Mr. Arnott: Rates of returns are likely to be anemic and are likely to become more so for those who save later. I'm smack in the middle of the boomers. I was born in 1954. And by the time I reach 65 years old, the prospective forward-looking returns will have to be pretty skinny. That's by the end of this decade.

For U.S. stocks, the history of the last 100 years shows real [that is, inflation-adjusted] earnings and dividend growth of about 1.25% a year. Add that to the current dividend yield and you've got about 3.5% of real return. Add in inflation of, say, 2% or 2.5%, and you're looking at 5.5% or 6% [before inflation] a year.
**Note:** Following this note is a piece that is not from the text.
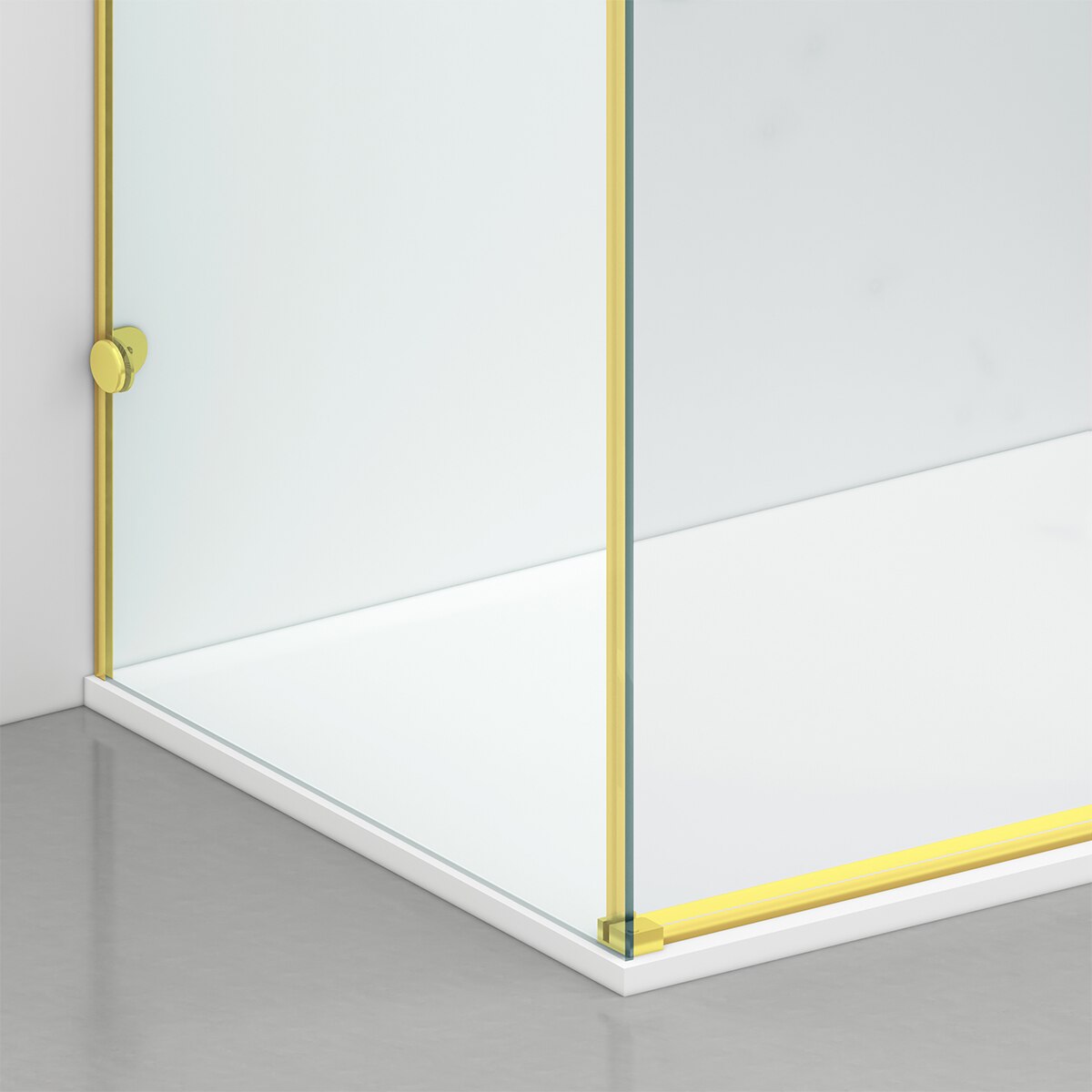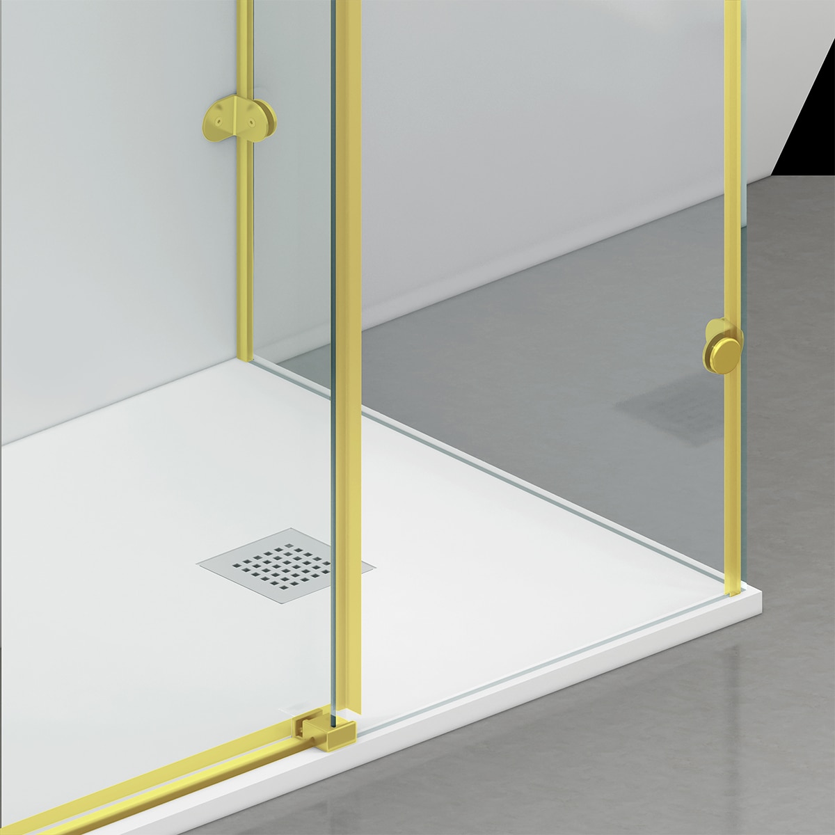 Sticla securizata de 8 mm, tratata cu tehnologia Nano Easy Clean, previne depunerile de calcar si murdarie, mentinand suprafetele curate si transparente, cu un efort minim. Sistemul glisant silentios, completat de doua pereti laterali ficsi, asigura o utilizare confortabila si sigura, iar profilurile aurii adauga o nota de lux subtil.

Now with the interconnected influence of demography, debt and deficits, we're likely to see considerably slower economic growth than in past years. So I view stocks as having a forward-looking return of 5%, give or take, over the next 10 to 20 years.

If bonds are priced to give us, let's say, 2% to 4%, that means your balanced portfolio is likely to deliver 4%. Net of inflation and net of taxes, that's awfully close to zero real after-tax return....MORE
In addition, that 100-year record was achieved while the U.S. economy was ascending to the position of largest the world has ever seen.
And it was done without the deadweight of Federal debt and with a much younger population.